Concerning the felled trees, the subject at the heart of the protest, Atosca reports that 13 hectares of various afforestation (trees, hedges, groves, etc.) will be affected by the project. Among them, “260 alignment trees” of which “trees of varying ages and heritage interest (from 5 years to more than 60 years) including around fifty plane trees affected by colored canker disease for some”. “The street trees are those planted near the roads. We also count those near the fields. In total, there are a thousand trees felled, not counting the hedges and shrubs”responds Alexis Boniface, co-president of the GNSA.
Faced with this impact on the environment, Atosca and the State respond that they will compensate for this destruction. “Fifty-five hectares of wetlands will be recreated, compared to 20 hectares impacted”describes the concessionaire, and 25 hectares of trees must be replanted, “that’s five times more”, according to the same source. But compensation can’t equal ecosystem losses, scientists say . “We are in hindsight today on compensation policies. And they do not at all meet the initial commitments” comments Christophe Cassou, who denounces “the illusion of copying the living”.
“A simply accounting approach to living things makes no sense because living things are inherently dynamic and in interaction with the environments that surround them.”
Christophe Cassou, climatologistat franceinfo
“Its damage is irreversible and the first thing to do in environmental and climate policies is to do no harm”continues the climatologist.
5 The number of legal actions to contest the project
Several appeals have been launched against the construction of the highway. “Each time, the administrative court ruled in favor of the State”, responds the Occitanie prefecture, contacted by franceinfo.

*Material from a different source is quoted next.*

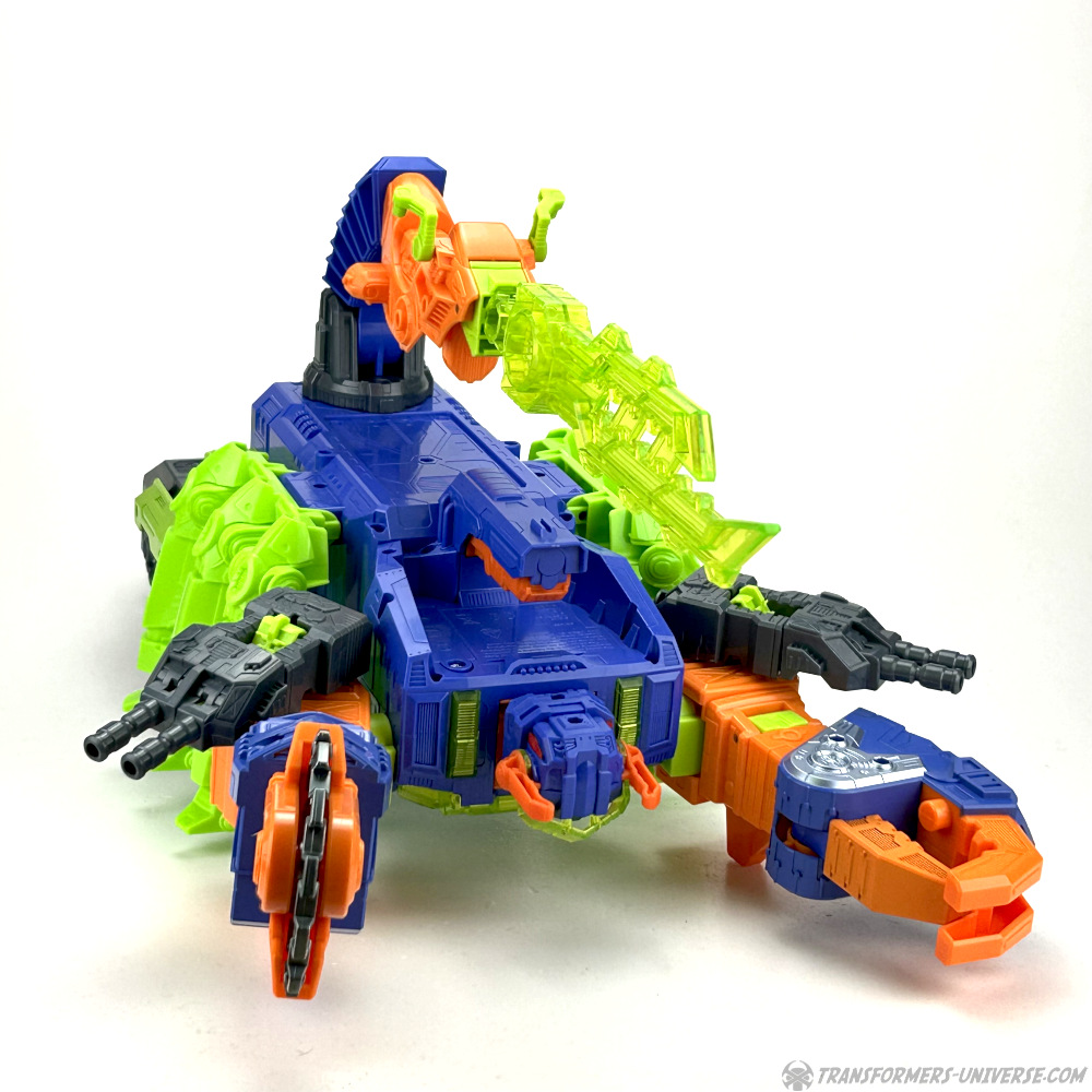 Cyberworld Scorponok is, in fact, rather similar to G1 Scorponok. Not only are the two figures nearly identical in size, they also resemble each other in general style, range of articulation, and have a similar transformation into their scorpion mode, too. Sure, Cyberworld Scorp is not a Headmaster, but still, it’s kind of amusing that two toys that are nearly 40 years apart could be so similar. Though the head is more Energon Scorponok than G1, to be honest.

Other non-suspensive actions have still not been completed. “There are five legal proceedings in progress, three appeals before the administrative jurisdiction and two criminal complaints”explains Alice Terrasse, the lawyer for La Voie est libre.
The first concerns the widening of the A680, part of the project: “We are contesting before the Council of State the legality of the concession of the project to the motorways of the South of France, because it was not submitted to the Transport Regulatory Authority”, explains the lawyer. The association also attacked the two environmental authorizations granted to the A680 developments as well as the A69 project.

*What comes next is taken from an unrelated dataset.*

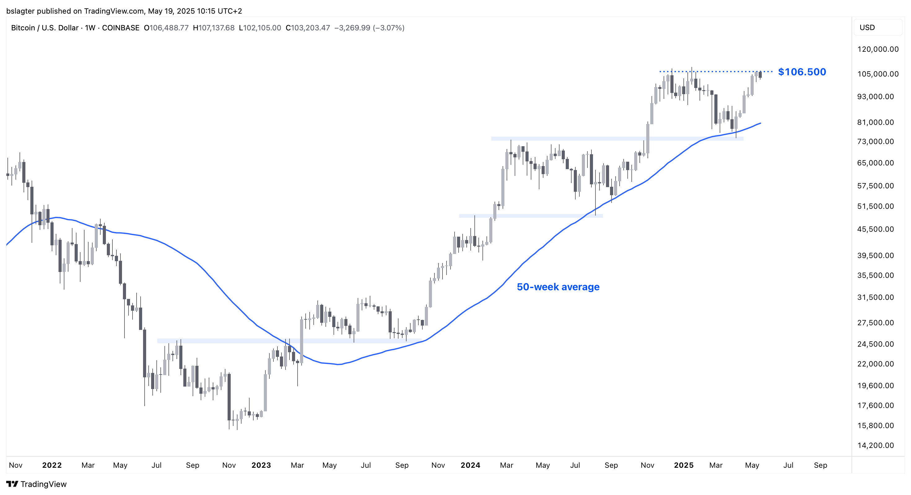 Measured in dollars, we recorded the highest weekly close ever at $106,500. After six weeks of gains, it wouldn't be surprising to see a short-term pullback. However, more and more indicators suggest that the uptrend could continue through the summer.

“On both cases, we contest the overriding reason of major public interest, as well as the lack of search for alternative solutions.”
Alice Terrasse, lawyer for The Way is Freeat franceinfo
Two cases which will not be judged “before a year or a year and a half with the administrative court of Toulouse”.
Alice Terrasse also filed a complaint for non-compliance: the “destruction of 260 road alignment trees, most of them centuries old, without authorization” and the absence of an inventory of a wetland by Atosca before the start of the work, denounced by the prefecture in a formal notice dated October 6. “How can we compensate for the height, when we destroy a site without carrying out a prior inventory?” asks Alice Terrasse. The opponents are now considering bringing the debate to the inadequacy of French law to the challenges of fighting global warming, for this type of project, points out the lawyer.